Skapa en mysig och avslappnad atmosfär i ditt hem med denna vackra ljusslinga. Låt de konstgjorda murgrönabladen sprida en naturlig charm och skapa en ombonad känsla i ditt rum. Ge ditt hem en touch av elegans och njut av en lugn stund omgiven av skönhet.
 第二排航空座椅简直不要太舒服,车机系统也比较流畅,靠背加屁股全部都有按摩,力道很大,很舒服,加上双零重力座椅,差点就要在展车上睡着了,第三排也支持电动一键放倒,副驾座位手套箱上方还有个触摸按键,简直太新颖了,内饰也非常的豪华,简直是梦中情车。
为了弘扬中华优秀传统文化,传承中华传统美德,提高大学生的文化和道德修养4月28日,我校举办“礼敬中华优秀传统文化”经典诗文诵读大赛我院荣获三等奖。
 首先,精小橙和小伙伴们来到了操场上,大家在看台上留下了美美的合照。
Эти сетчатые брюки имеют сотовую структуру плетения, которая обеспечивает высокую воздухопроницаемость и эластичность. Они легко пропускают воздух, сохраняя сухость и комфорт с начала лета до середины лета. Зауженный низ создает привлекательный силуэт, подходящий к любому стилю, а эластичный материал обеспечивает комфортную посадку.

...

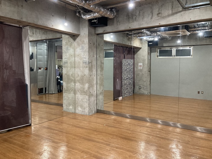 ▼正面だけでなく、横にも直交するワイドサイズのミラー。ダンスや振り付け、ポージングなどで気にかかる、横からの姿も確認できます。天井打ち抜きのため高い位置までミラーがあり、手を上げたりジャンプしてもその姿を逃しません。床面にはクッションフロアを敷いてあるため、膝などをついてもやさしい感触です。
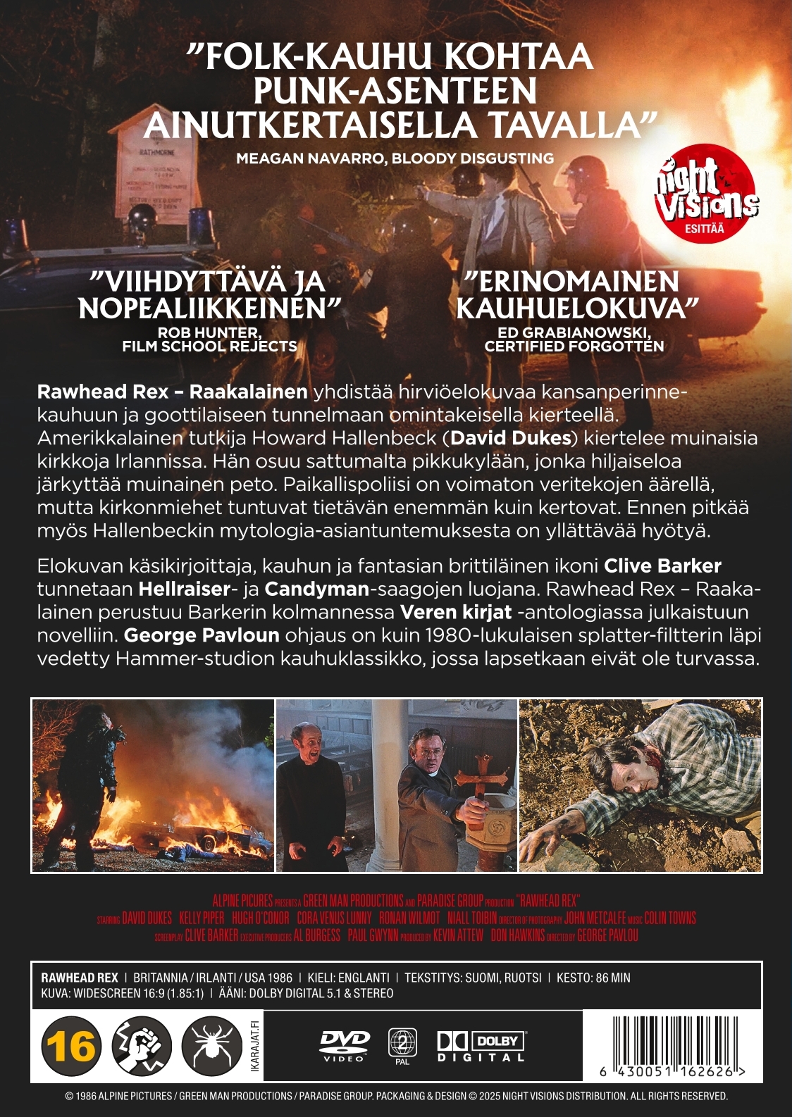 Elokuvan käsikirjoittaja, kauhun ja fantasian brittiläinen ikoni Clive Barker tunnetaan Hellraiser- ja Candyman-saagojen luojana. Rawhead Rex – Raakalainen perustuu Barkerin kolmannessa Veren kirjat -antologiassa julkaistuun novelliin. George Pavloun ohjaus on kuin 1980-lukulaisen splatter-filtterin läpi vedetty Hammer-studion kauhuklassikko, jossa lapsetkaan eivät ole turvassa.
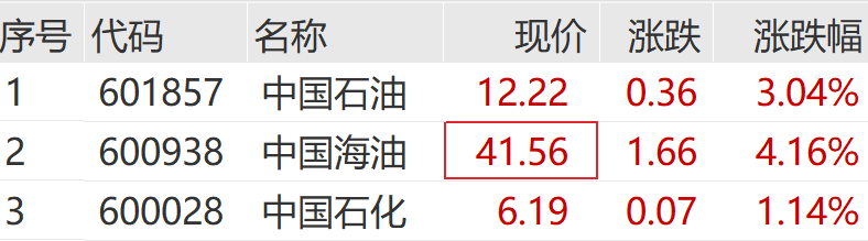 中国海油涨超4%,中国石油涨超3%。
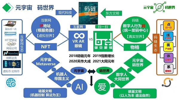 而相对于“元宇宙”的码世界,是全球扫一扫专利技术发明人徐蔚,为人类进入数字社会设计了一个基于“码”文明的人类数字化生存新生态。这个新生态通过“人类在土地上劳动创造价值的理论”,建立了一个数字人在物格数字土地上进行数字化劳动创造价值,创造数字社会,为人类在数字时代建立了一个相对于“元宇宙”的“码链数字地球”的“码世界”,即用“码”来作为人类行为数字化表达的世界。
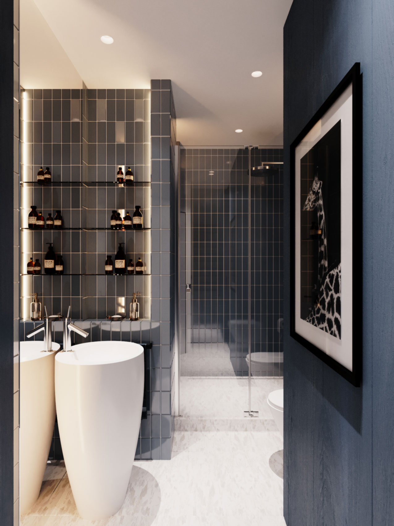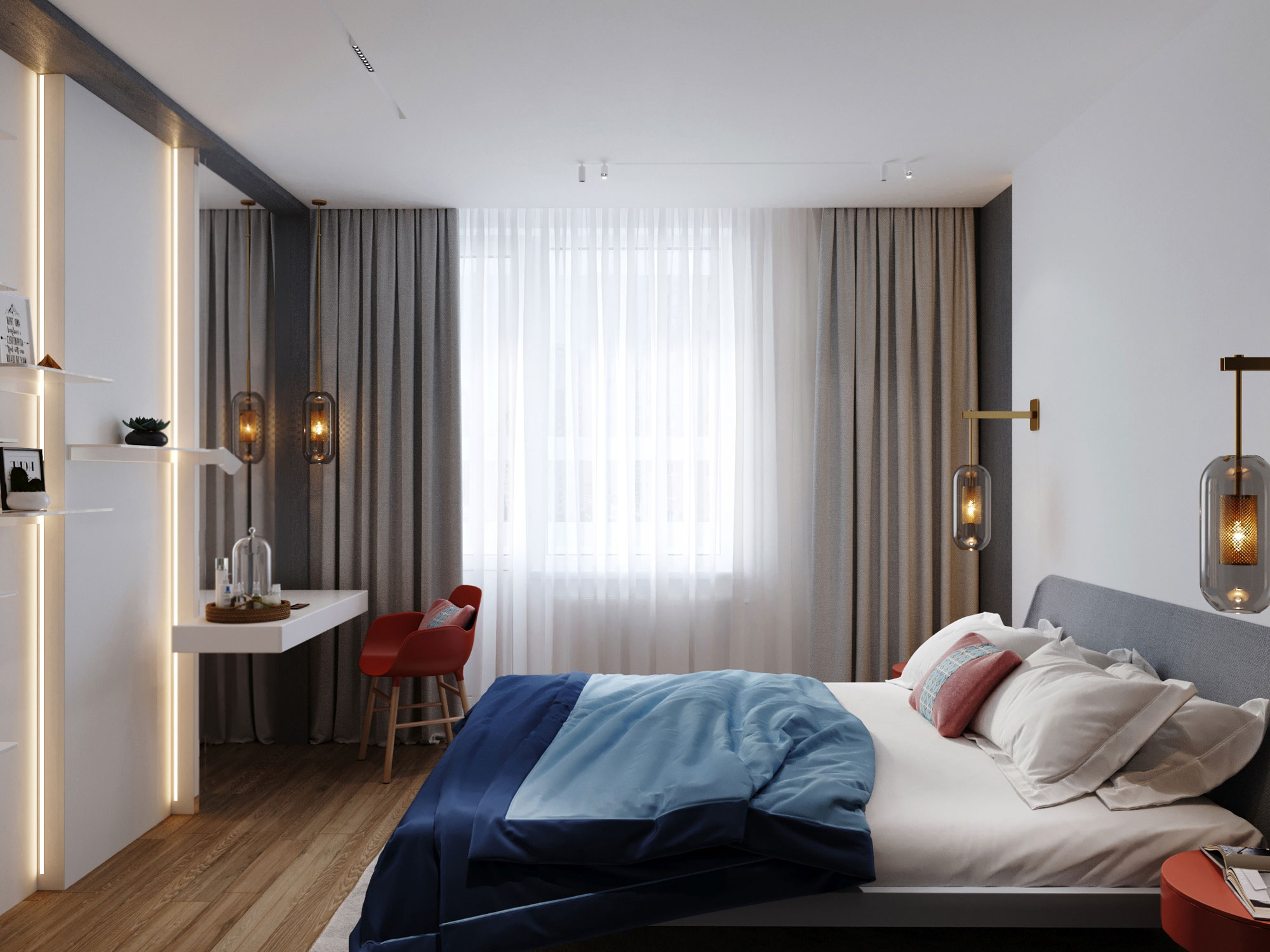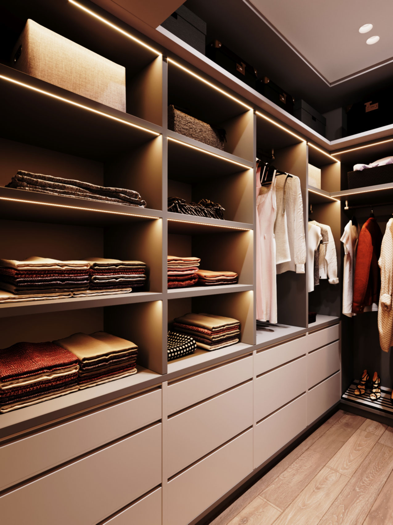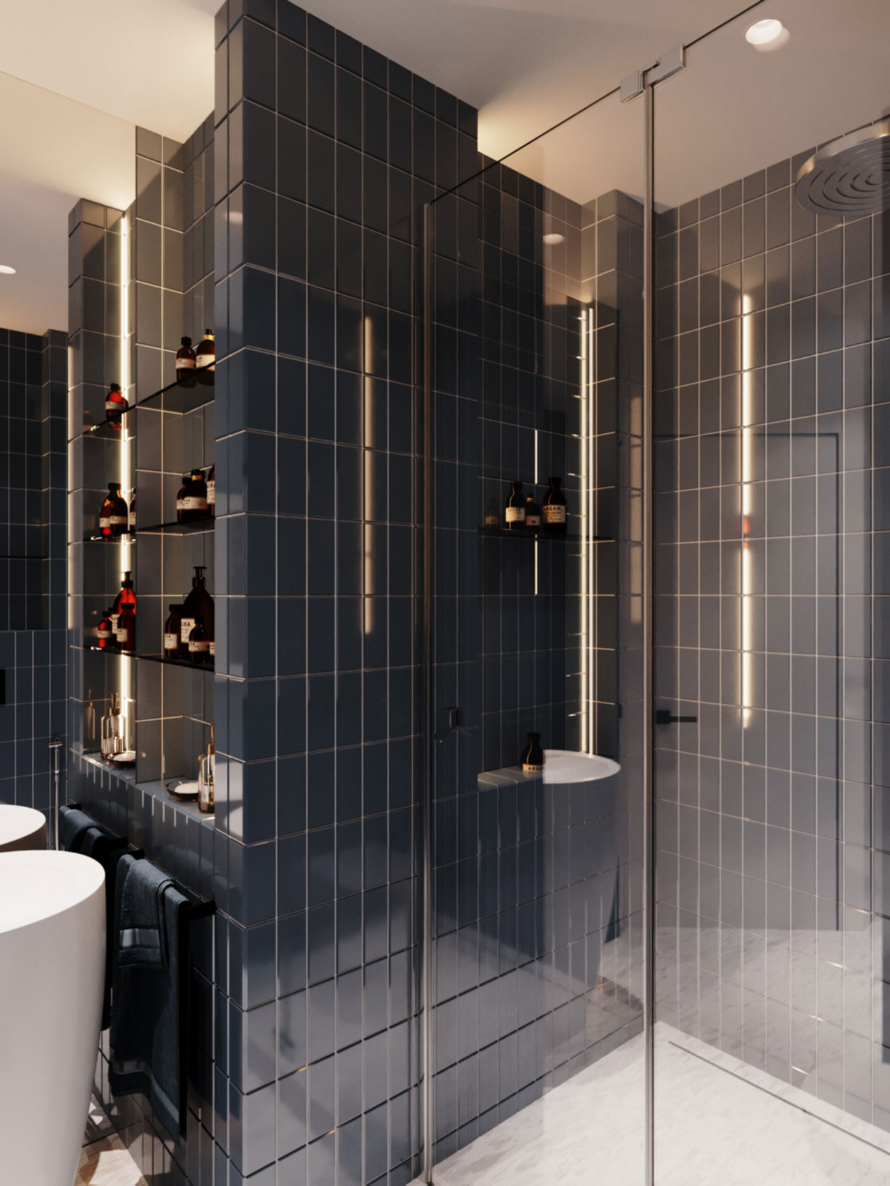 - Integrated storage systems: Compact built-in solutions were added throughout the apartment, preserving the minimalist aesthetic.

What the exercise asks ->
The material above holds pictures; leave them out and set down exactly the lines from the line with "中国海油涨超4%,中国石油涨超3%。" to the line with "- Integrated storage", both included.

Answer for the task ->
 中国海油涨超4%,中国石油涨超3%。
 而相对于“元宇宙”的码世界,是全球扫一扫专利技术发明人徐蔚,为人类进入数字社会设计了一个基于“码”文明的人类数字化生存新生态。这个新生态通过“人类在土地上劳动创造价值的理论”,建立了一个数字人在物格数字土地上进行数字化劳动创造价值,创造数字社会,为人类在数字时代建立了一个相对于“元宇宙”的“码链数字地球”的“码世界”,即用“码”来作为人类行为数字化表达的世界。
 - Integrated storage systems: Compact built-in solutions were added throughout the apartment, preserving the minimalist aesthetic.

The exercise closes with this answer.